Terms and definitions

Episode: An individual child’s single, contiguous stay in the pediatric intensive care unit, spanning the time between admission and discharge
High flow nasal cannula (HFNC) initiation: The start of HFNC treatment for a child not currently on HFNC
HFNC period: The 24 hours following an HFNC initiation where the child was not on HFNC support at any time during the preceding 24 hours
HFNC trial: An episode or subset of an episode (starting with admission) where only the very last HFNC period is designated as the training target; it may include previous HFNC initiations

Textbox 1. Useful definitions.

In an episode where HFNC is initiated only once, there is exactly 1 HFNC period and 1 HFNC trial. Episodes can have multiple HFNC initiations.

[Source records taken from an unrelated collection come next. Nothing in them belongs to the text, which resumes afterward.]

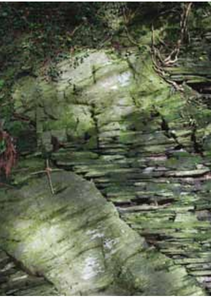
The Pilgrims' Cross (B) is linked to the pilgrimage to St Davids
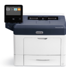
Xerox® VersaLink B400 Printer
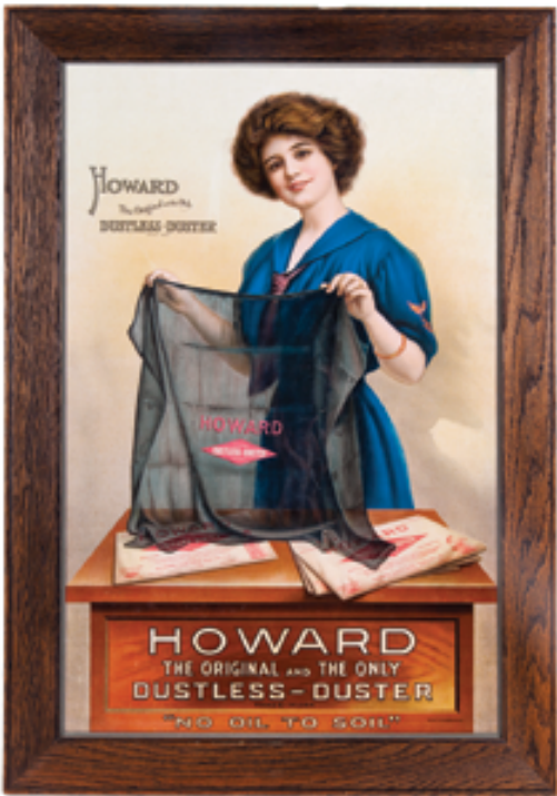
45. Howard Dusters Sign 29.5 x 20.5" (25-3/8 x 16-3/8" visible) Early paper litho sign for Howard brand dusting cloths (W.F. Powers Co. NY Litho). Clean, bright and displays as like new, although there is a little non-offensive minor hazy speckling evident if tipped in light just right (stated for accuracy, so minor barely merits mention). Nicely framed. Min. bid $100.
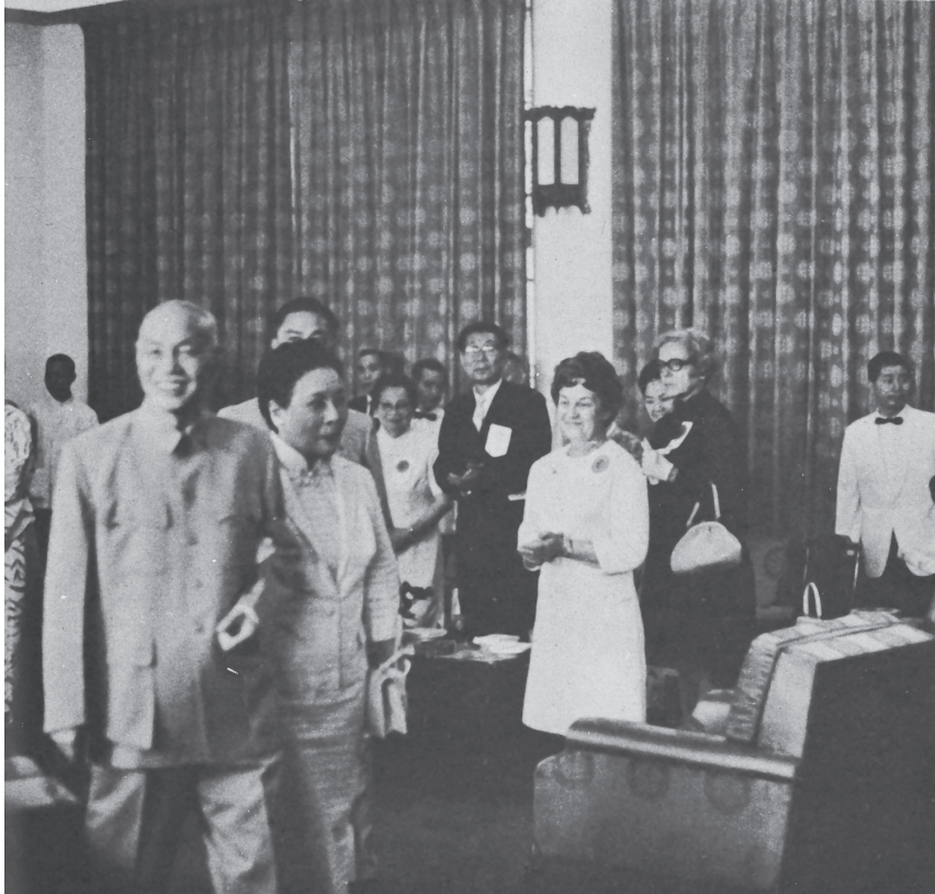
Figure 2. President Chiang Kai-shek and Madame Chiang (Soong Mei-ling) entering a reception hall at the 1970 Asian Writers' Conference held in Taipei.

U.S. President Richard Nixon's visits to Beijing, in 1971 and 1972 respectively, after which the United States changed its diplomatic affiliation from the Republic of China (ROC) to the People's Republic of China (PRC). The UN seat and powerful Security Council membership also switched from the Taipei-based Nationalist government to Beijing's Communist Party; 45 Chiang Kai-shek had died just the previous year. The isolation of Taiwan is further evidenced by the fact that the 1981 Manila meeting calls itself the Fourth PEN Asian Writers' Conference, apparently ignoring the 1976 Taiwan meeting altogether. 46 At the latter, the geopolitical standoff across the Taiwan Strait (which continues today) results in a more explicitly anti-communist sentiment than at earlier meetings, while the "principle of freedom" is ever more narrowly defined.

In such cases, a single episode may have multiple HFNC periods, and each has an associated HFNC trial. Note that not all HFNC initiations have a corresponding HFNC period. For instance, if a child started on HFNC for the first time during an episode, then this marked the start of the HFNC period. If HFNC was withdrawn 2 hours later, and the child again received HFNC an hour after that, then this new HFNC initiation did not mark the start of a new HFNC period as the original HFNC period had not yet ended. In contrast, if this second HFNC initiation took place >24 hours after the first HFNC was stopped, then this second initiation marked the start of a new HFNC period as it was initiated after the first HFNC period had already ended. Finally, at least 30 minutes was required between any de-escalation (step-down) from NIV or intubation before the start of the HFNC period. This rule was necessary as patients on a higher level of support may be stepped down to HFNC to assess their ability to breathe on their own. If such breathing trials fail, which is not an uncommon occurrence, these patients immediately escalate back to mechanical ventilation or NIV, technically becoming HFNC failures but were, in fact, extubation failures and are not representative of the escalation scenarios of interest in this study. Figure 1 illustrates these terminologies.

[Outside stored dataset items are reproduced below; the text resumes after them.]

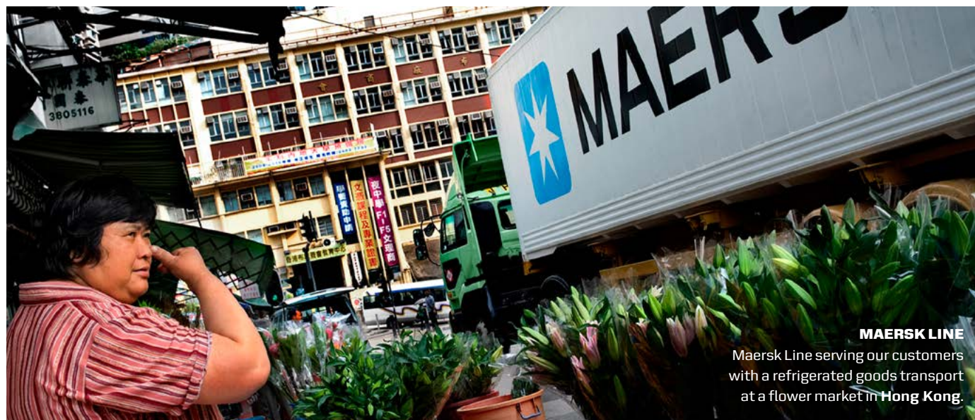
MAERSK LINE Maersk Line serving our customers with a refrigerated goods transport at a flower market in Hong Kong.

The cost initiatives announced in Q4 2015 are progressing as planned, including efforts to further reduce cost from transactional work through standardisation, automation and digitalisation of processes. Maersk Line is on track to deliver the benefits by the end of 2017.
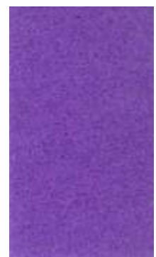
Ref. 1016 - VIOLETA
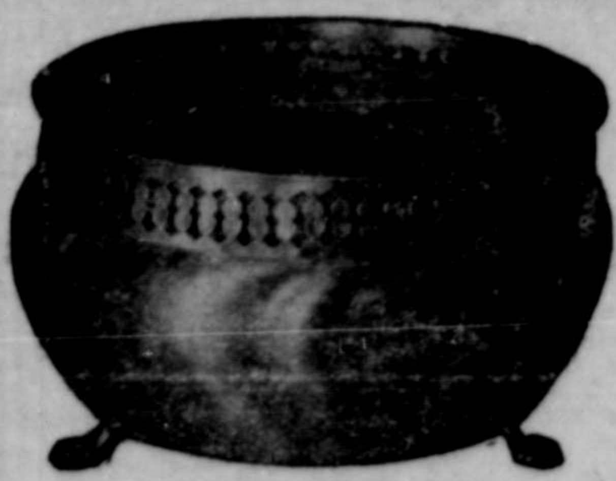
Fern Bowls, Brass Jardinieres, Smoker Stands, Fancy Baskets, Ladies' Handkerchiefs and note paper in fancy boxes.

Berry Bowls, Nappies Bon Bon, Water Sets, Creams and Sugars. At Special discount prices for Xmas.

Figure 1. Illustration of HFNC scenarios, definitions, and outcomes. HFNC: high flow nasal cannula; ICU: intensive care unit; NIV: noninvasive ventilation.

Data Inclusions and Exclusions

Only episodes in which HFNC was used were included. Episodes of patients aged ≥19 years at admission were excluded, as were episodes associated with sleep apnea. Any episode that ended <24 hours into an HFNC period where the patient next went to the operating room was also excluded. Episodes with a do not intubate or do not resuscitate order were also excluded.

Target Outcome

For each HFNC trial, the target of interest was escalation to a higher level of support (BiPAP, noninvasive mechanical ventilation, and intubation) within the 24-hour window (HFNC period) after HFNC initiation. Each HFNC trial was labeled either a failure (if there was an escalation within the associated HFNC period) or a success (if there was no such escalation within the associated HFNC period).

When a patient was discharged from the PICU within 24 hours of HFNC initiation, the target label was determined by the patient’s disposition at discharge (Textbox 2). Episodes with the dispositions operating room, another hospital’s ICU, or another ICU in current hospital were excluded as the outcome was ambiguous. HFNC trials associated with a favorable disposition (general care floor, home, or step-down unit) during the HFNC period were labeled as success.

Target outcome mappings for high flow nasal cannula periods cut short by patient discharge.

Target outcome mapping and episode disposition

Success

General care floor
Home
Step-down unit or intermediate care unit

Censored

Operating room
Another hospital’s intensive care unit
Another intensive care unit in current hospital

Textbox 2. Target outcome mappings for high flow nasal cannula periods cut short by patient discharge.

The HFNC definitions and outcomes, combined with the exclusion criteria, resulted in 834 HFNC trials that were randomly divided into training, validation, and hold-out test sets. All HFNC trials of an individual patient were assigned in only one of these 3 sets to prevent leakage and bias during model evaluations. No additional stratifications were applied.

Labeling Time Series Data for Model Training and Assessment

Recall that the task is to predict HFNC failure (escalation of care) for each HFNC trial. Data processing starts at the beginning of the HFNC trial, with a model trained to output a prediction each time a new measurement becomes available. Figure 2 illustrates how the time series data of each HFNC trial were labeled for this process. All prediction times during the HFNC period were labeled as either 1 (failure) or 0 (success). Predictions at times before the HFNC period were labeled NaN (Not a Number) to exclude the predictions from error metrics during model training and performance evaluations.

Figure 2. Illustration of labeling time series data for predicting HFNC escalation. HFNC: high nasal flow cannula; NaN: Not a Number; PICU: pediatric intensive care unit.

Data Preprocessing

Overview

Each episode’s time series data were converted into a matrix. Rows contain the measurements (recorded or imputed) of all variables at 1 time point, and columns contain values of a single variable at different times. The steps of this conversion are described in detail in a previous work [15] and comprise the aggregation and normalization of observed measurements, followed by the imputation of missing data. A brief description is provided in the following sections.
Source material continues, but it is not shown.